START Records for this exercise
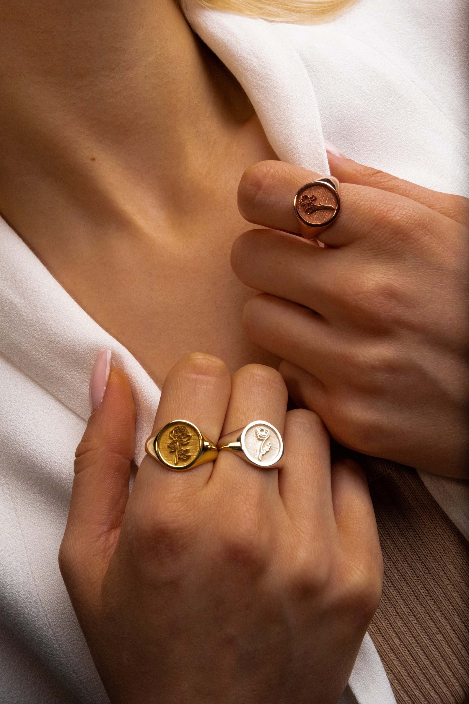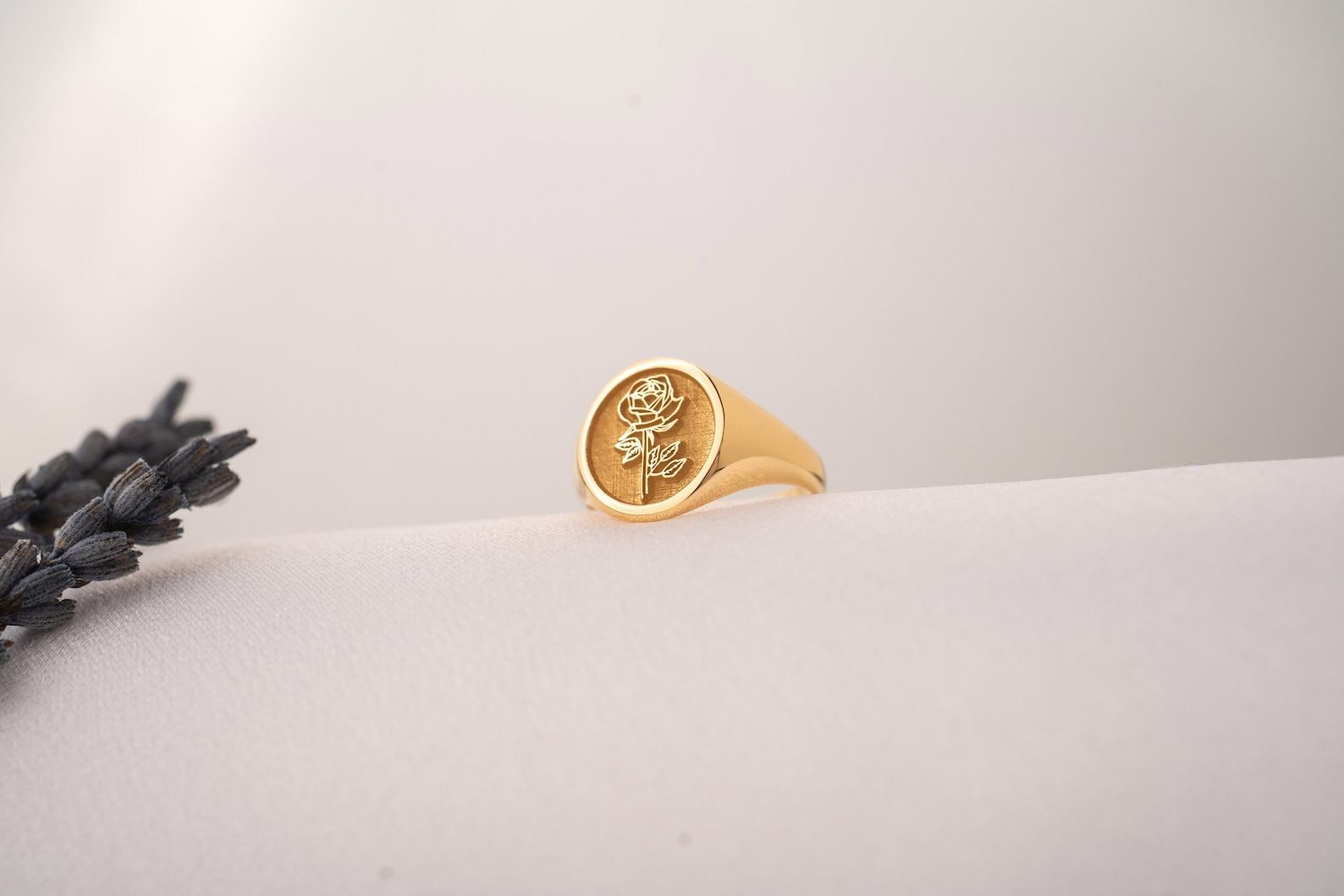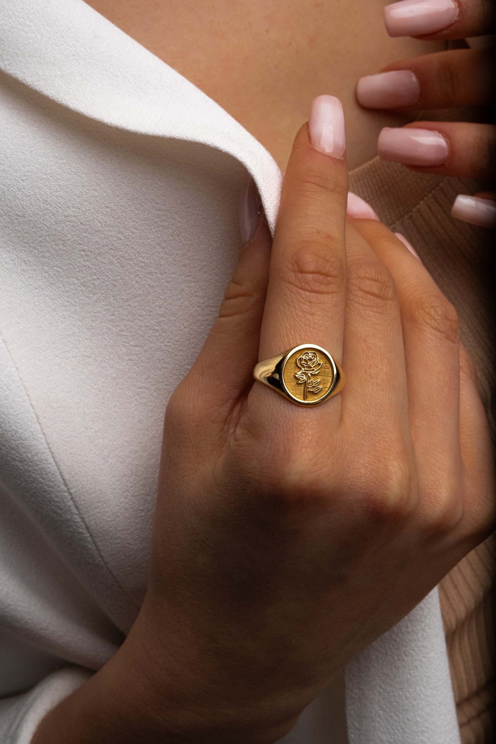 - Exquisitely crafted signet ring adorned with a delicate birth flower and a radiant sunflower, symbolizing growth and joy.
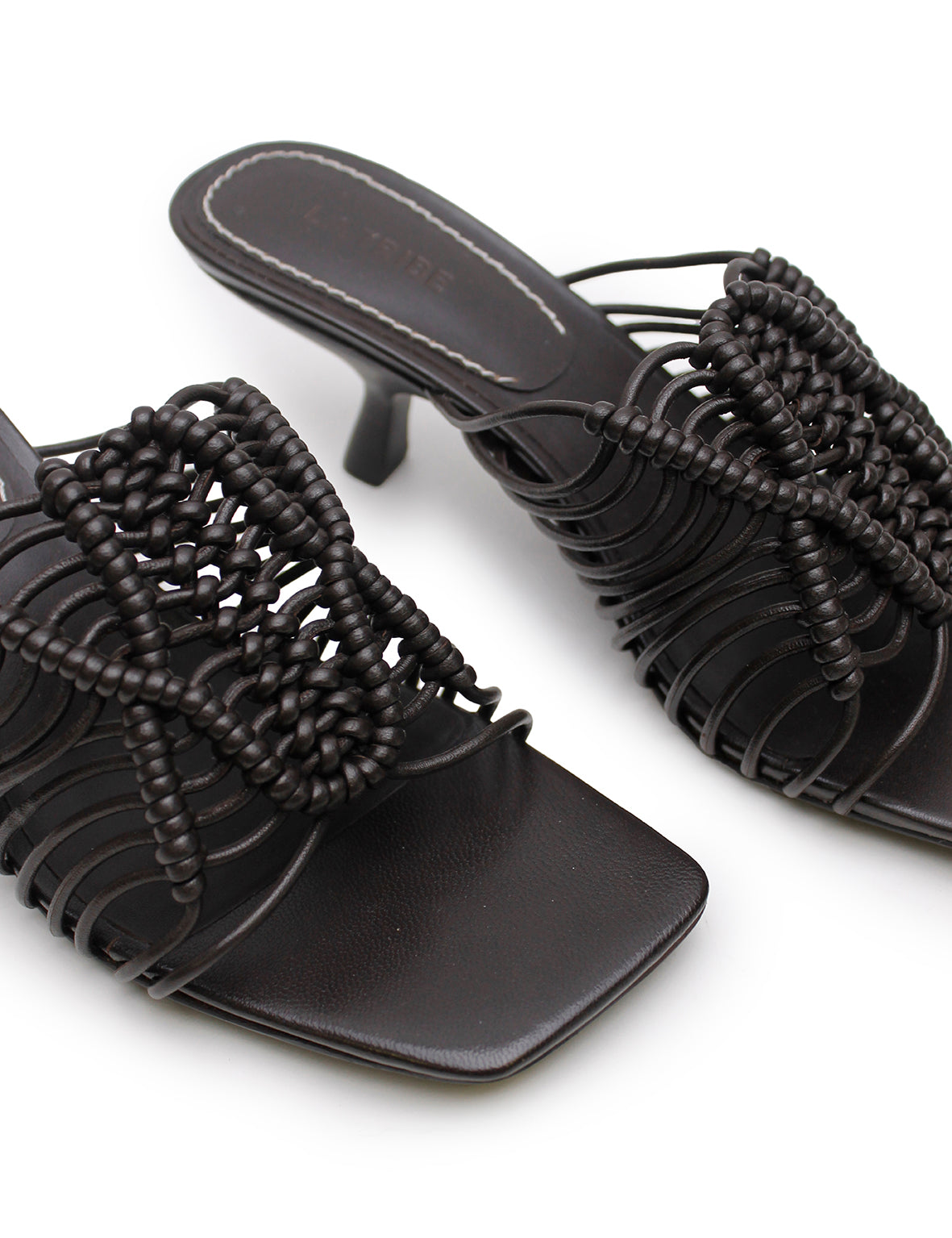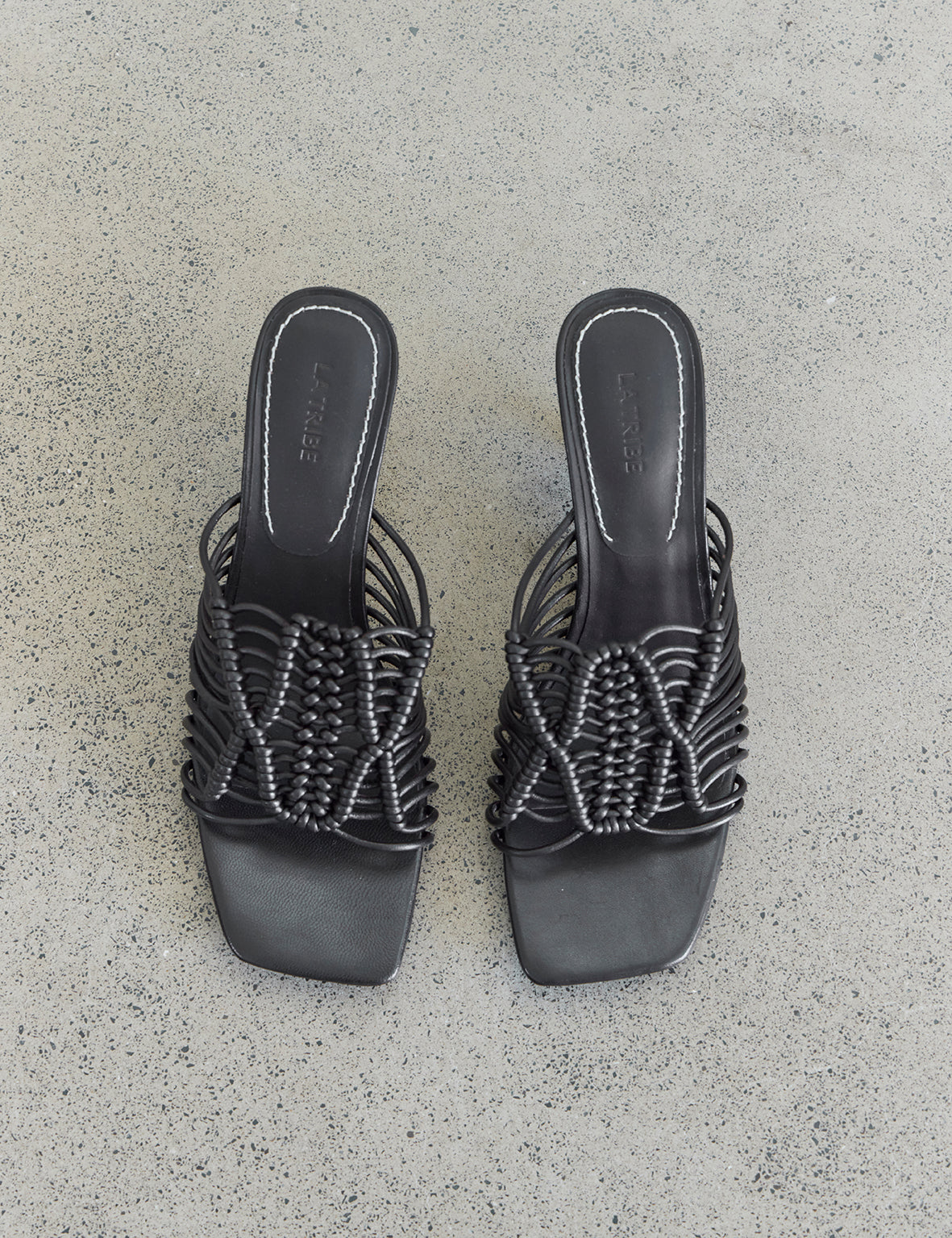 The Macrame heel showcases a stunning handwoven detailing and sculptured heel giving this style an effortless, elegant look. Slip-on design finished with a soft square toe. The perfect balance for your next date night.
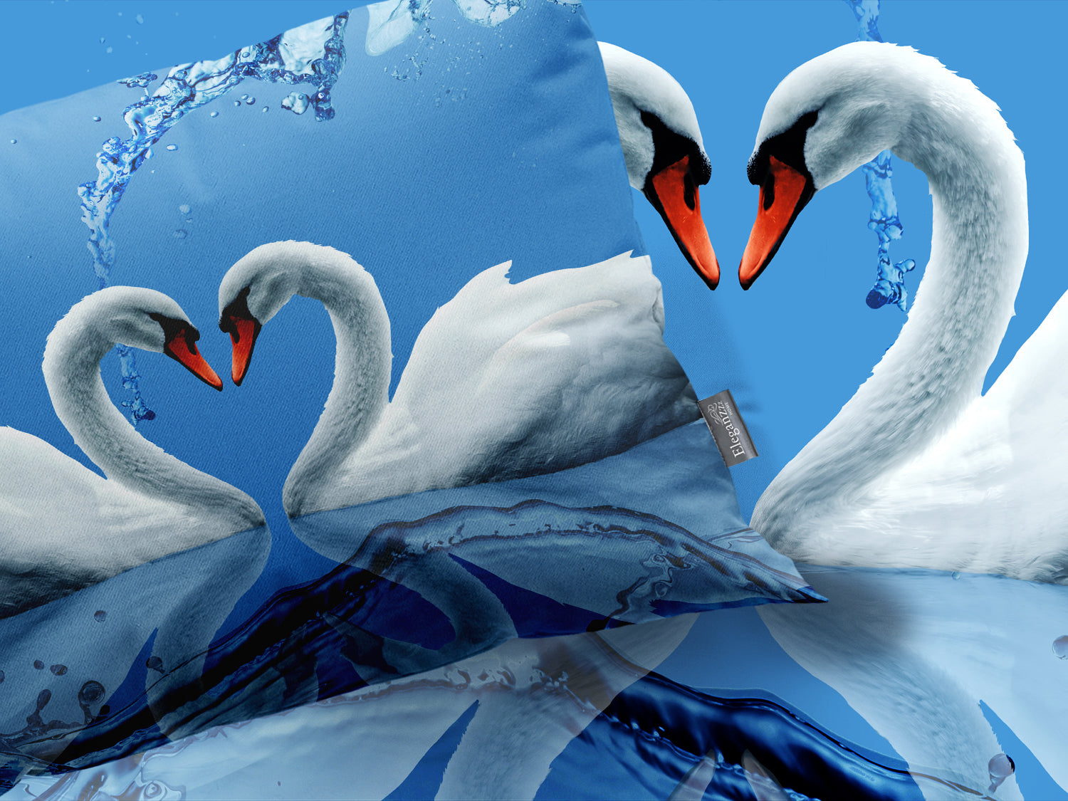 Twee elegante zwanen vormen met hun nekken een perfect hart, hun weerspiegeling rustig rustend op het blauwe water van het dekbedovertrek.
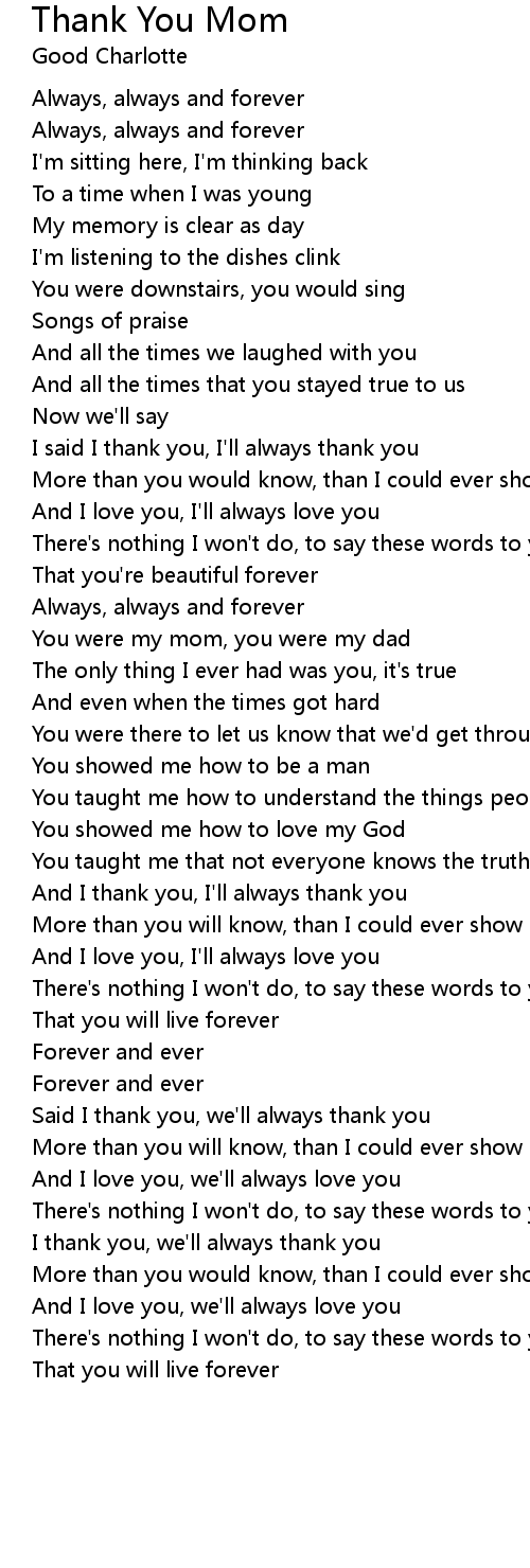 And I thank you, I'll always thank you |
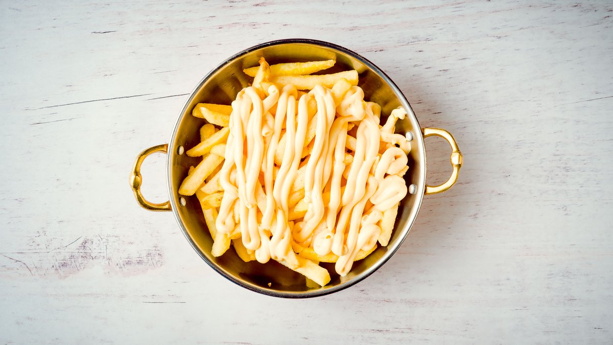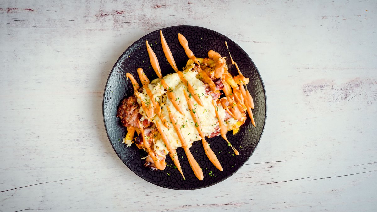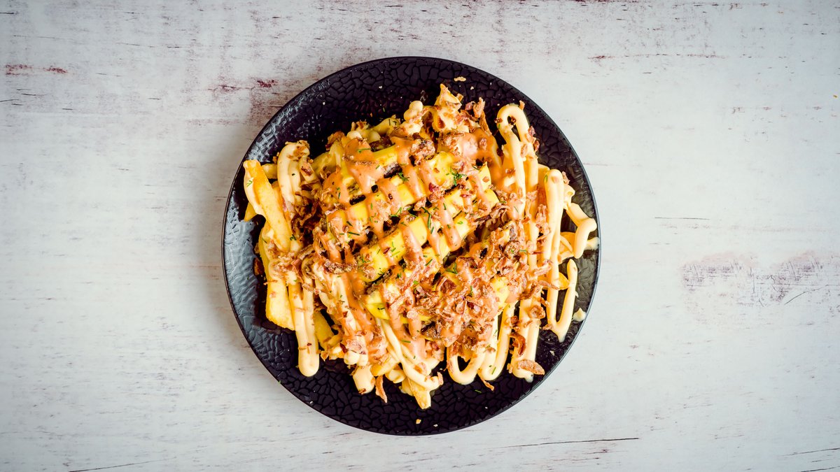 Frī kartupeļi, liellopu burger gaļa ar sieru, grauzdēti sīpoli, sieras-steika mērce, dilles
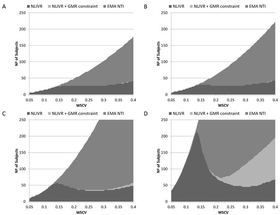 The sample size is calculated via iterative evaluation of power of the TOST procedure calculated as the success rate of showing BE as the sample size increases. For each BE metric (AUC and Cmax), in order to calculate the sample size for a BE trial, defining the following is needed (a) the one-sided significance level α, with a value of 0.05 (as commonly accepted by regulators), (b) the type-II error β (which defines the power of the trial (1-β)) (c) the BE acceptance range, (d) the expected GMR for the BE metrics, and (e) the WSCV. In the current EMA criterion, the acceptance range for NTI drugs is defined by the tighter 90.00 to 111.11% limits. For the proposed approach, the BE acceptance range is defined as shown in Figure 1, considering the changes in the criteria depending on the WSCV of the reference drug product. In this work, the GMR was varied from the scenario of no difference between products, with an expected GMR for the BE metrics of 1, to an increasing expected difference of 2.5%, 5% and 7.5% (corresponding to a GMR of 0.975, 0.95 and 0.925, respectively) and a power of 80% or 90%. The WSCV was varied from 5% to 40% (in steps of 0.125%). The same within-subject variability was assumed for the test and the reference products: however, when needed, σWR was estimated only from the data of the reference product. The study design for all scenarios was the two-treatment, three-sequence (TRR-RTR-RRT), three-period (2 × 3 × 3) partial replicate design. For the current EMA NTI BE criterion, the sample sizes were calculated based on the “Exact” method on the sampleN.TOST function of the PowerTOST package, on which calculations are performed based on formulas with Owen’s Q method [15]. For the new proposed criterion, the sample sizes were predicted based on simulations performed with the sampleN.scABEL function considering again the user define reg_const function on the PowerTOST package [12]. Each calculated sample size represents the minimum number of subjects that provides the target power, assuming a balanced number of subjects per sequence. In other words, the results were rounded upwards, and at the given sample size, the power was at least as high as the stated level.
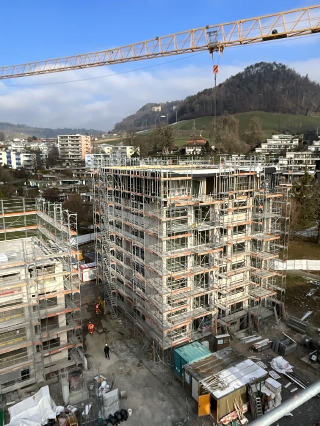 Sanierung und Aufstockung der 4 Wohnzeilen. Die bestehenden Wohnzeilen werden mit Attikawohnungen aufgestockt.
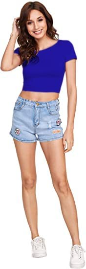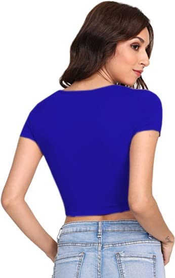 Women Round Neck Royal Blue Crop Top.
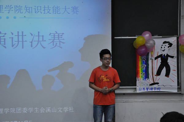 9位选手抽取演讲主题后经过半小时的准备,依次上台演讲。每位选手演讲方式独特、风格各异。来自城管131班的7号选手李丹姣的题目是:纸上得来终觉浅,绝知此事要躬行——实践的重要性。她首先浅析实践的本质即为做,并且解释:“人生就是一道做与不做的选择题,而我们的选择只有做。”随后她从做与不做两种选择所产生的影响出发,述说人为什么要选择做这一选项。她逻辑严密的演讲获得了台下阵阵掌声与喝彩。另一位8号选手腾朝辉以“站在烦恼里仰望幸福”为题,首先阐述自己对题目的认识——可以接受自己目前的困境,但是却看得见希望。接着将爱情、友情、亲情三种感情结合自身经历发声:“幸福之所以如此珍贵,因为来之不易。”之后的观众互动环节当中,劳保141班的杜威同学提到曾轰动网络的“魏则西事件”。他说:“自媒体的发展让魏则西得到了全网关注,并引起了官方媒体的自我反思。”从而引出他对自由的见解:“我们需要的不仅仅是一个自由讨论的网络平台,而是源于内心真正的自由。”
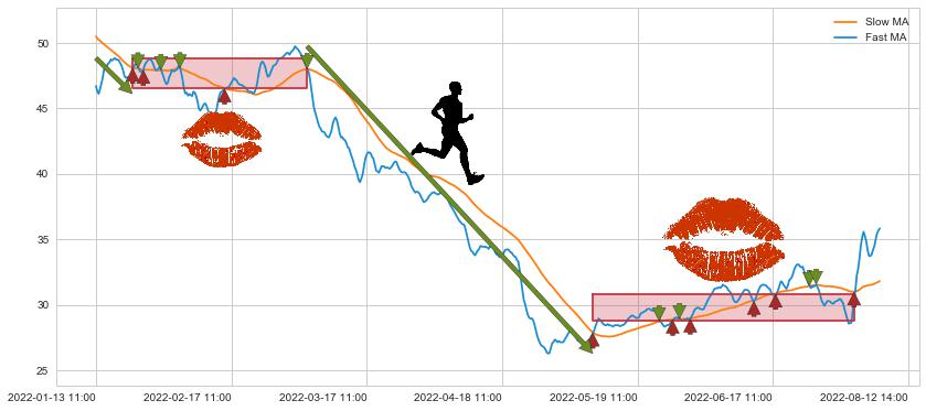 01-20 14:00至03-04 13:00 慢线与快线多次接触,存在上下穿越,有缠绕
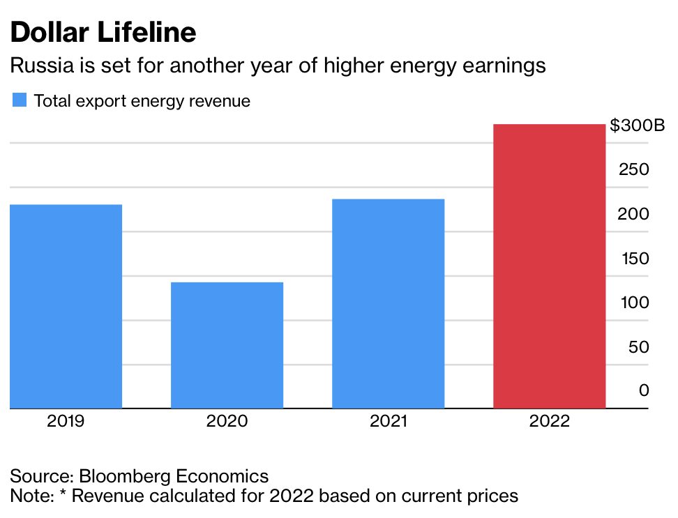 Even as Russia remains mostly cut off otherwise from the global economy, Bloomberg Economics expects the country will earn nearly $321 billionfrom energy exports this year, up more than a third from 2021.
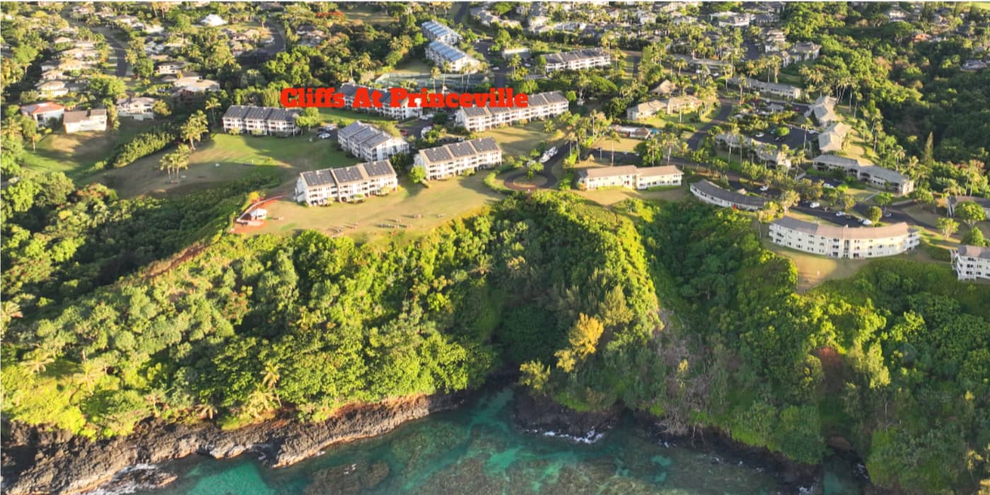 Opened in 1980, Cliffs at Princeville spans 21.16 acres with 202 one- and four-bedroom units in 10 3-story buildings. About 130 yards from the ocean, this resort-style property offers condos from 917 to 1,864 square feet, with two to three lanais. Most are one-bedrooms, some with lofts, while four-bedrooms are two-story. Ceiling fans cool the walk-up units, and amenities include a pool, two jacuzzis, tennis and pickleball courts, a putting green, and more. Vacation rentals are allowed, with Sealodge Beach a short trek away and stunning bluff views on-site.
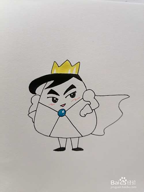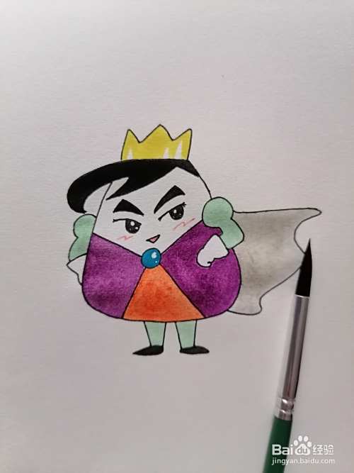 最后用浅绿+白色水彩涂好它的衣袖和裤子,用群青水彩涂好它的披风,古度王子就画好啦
END Records for this exercise
Work request | Within the listing above, copy exactly the lines that start at the one with "01-20 14:00至03-04 13:00 慢线与快线多次接触,存在上下穿越,有缠绕" and continue through the one with "Even as Russia". Omit pictures.

Exercise response |
 01-20 14:00至03-04 13:00 慢线与快线多次接触,存在上下穿越,有缠绕
 Even as Russia remains mostly cut off otherwise from the global economy, Bloomberg Economics expects the country will earn nearly $321 billionfrom energy exports this year, up more than a third from 2021.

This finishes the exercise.